Long-Term Support with Tight Allocation Ahead
  • DDR5 RDIMM 64GB contract prices have jumped 75–125% Q/Q. Spot prices range from $2,300 to $3,000+. Hyperscalers are signing LTAs extending to 2030, effectively locking out traditional OEMs and automotive sectors until at least 2027. 
  • AI server demand drives an acute shortage of 96GB/128GB modules. Samsung's 96GB (Q-die) is slightly available, but 128GB remains extremely tight due to shared die constraints.
  • DDR5 fulfillment rates have plummeted. Q1 pricing expected to rise 50–70%. Lead times for new orders average 54+ weeks.
  • Micron is prioritizing HBM production (70% fulfillment rate), leaving DDR3/DDR4/DDR5 with only 30% fulfillment.

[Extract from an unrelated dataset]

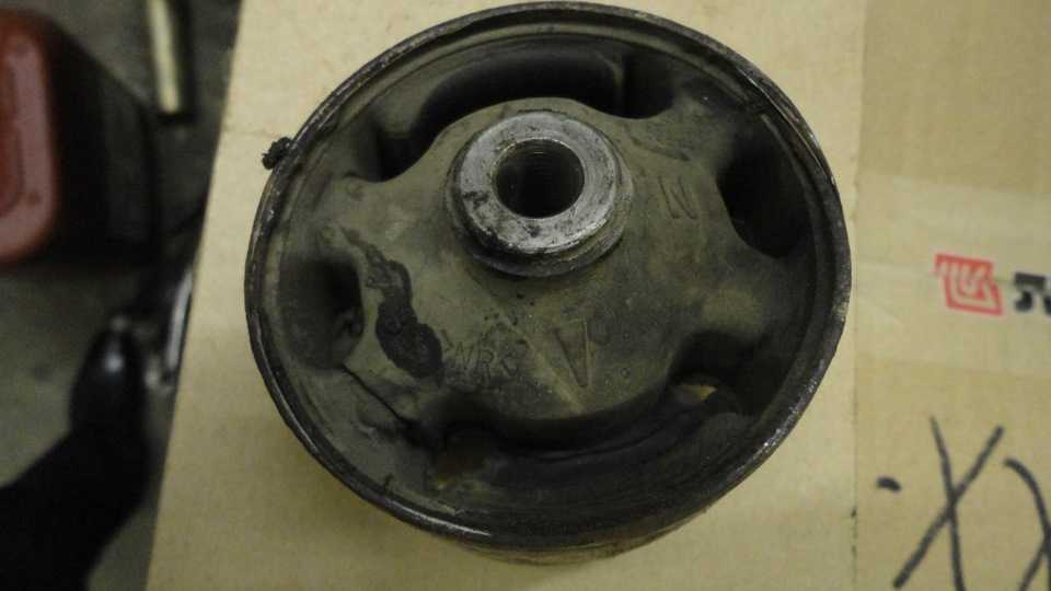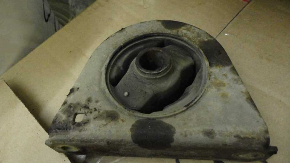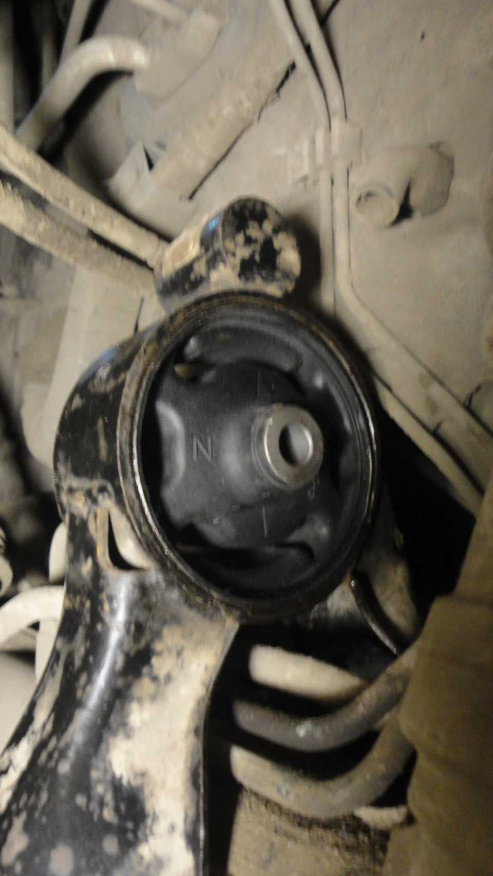 - Самая трудоемкая часть – это демонтаж задней подушки двигателя. Первым делом фиксируем из смотровой ямы основной болт и откручиваем его в подкапотном пространстве (сверху). Остальные болты (3 штуки) скручиваем снизу. Оставляем узел подушки в таком состоянии.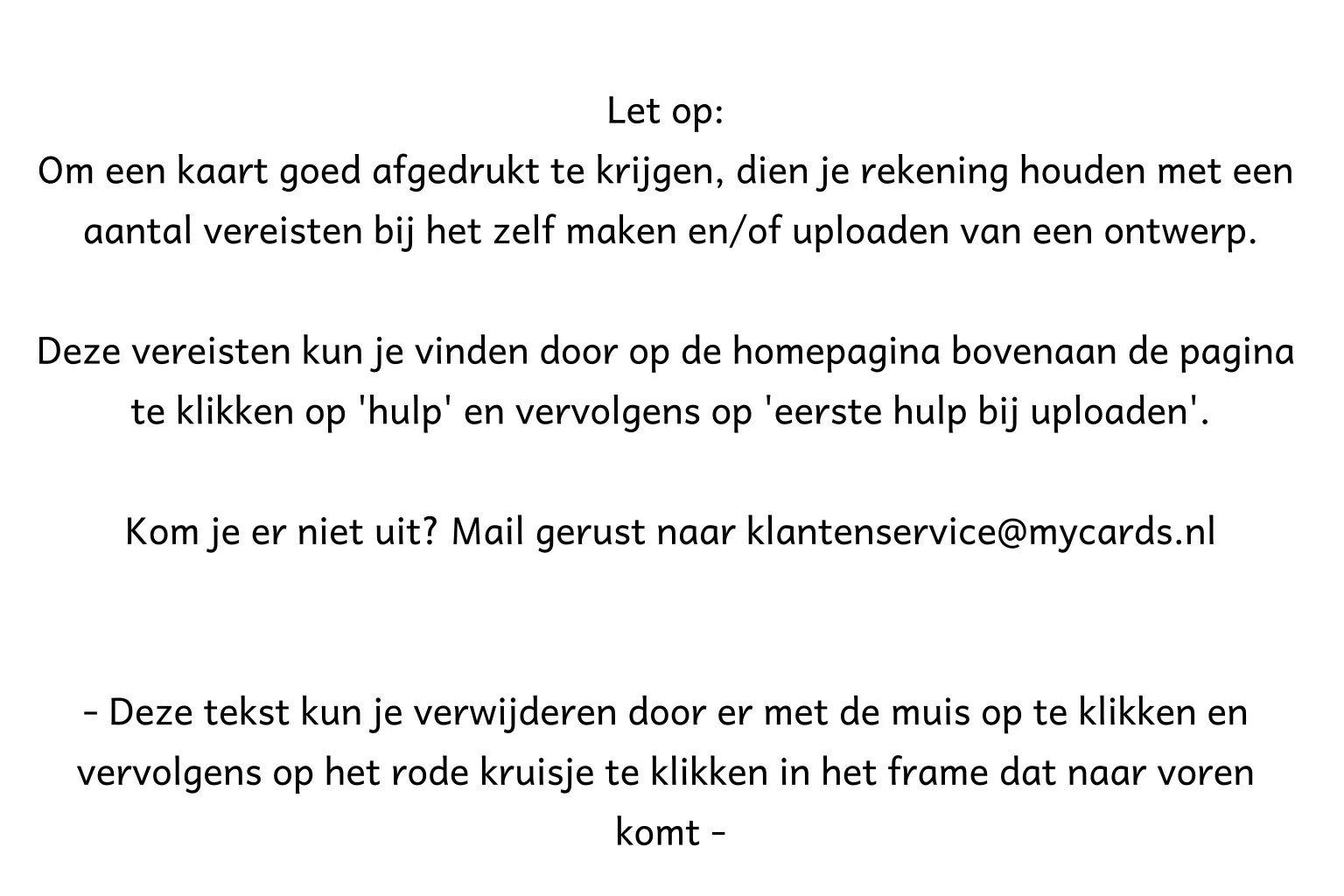 Zelf je eigen dubbele liggende trouwkaart ontwerpen? Start met dit lege ontwerp in onze tool of upload hier je eigen ontwerp.

DIMM lead times have extended to 40+ weeks.

SSD

Pricing Pressure & Supply Constraints
  • Enterprise SSD prices up 50–90% Q/Q, with Solidigm and Samsung implementing weekly price resets.
  • Low-end SATA SSDs: +50–60%
  • High-end SATA + NVMe SSDs: +80–90%
  • QLC supply tightening as manufacturers shift capacity to TLC for margin improvement (impacting hyperscale storage).
  • Micron NOR Flash shortages extending lead times into 2H 2026.

HDD

Capacity Sold Out & Forced Migrations 
  • Seagate and Western Digital (WD) report 100% capacity sold out for 2026, with some agreements extending into 2028–2030.
  • Backorder pricing no longer honored.
  • Low-capacity drives being phased out:
    • Seagate EOL: 1TB–5TB 2.5" BarraCuda
    • WD refusing quotes → pushing customers to 12TB+
  • High-capacity HDD (18TB–24TB): lead times range 3 months to 54 weeks.
  • Toshiba constrained on 20TB+, with 10–24TB lead times into Q3 2026.

Passives

 Raw materials shortage and the T-Glass bottleneck  
  • MLCC shortages are anticipated post-CNY, with lead times stretching to 16+ weeks. Tantalum capacitor lead times exceed 40 weeks, and vendors are warning of potential discontinuities for low-margin lines.
  • Vishay MOSFETs (e.g., SQ2389CES) see 25-week lead times, with distributors reporting allocation cuts across resistors, capacitors, and discretes. Automotive customers are investigating potential wafer issues at Vishay.
  • Panasonic announces significant Q1 2026 price hikes on POSCAP tantalum capacitors, with full capacity booked through the quarter. Lead times now exceed 28–32 weeks.

Supply Chain Trends 

Manufacturer News and Updates 

  • Samsung has reportedly won the contract to supply 12GB LPDDR5X memory for Apple's first foldable iPhone, scheduled for release in the second half of 2026. The agreement reflects tightening DRAM supply conditions, with LPDDR5X prices reportedly doubling compared to 2025 levels.

[Source:Digitimes]

  • Applied Materials has partnered with memory chip companies Micron ​Technology and SK Hynix to develop next-generation chips that ‌are crucial for artificial intelligence and high-performance computing. Micron and SK Hynix will serve as founding partners at Applied Materials' research center to develop the chips, called Equipment and Process Innovation and Commercialization, or EPIC, Center.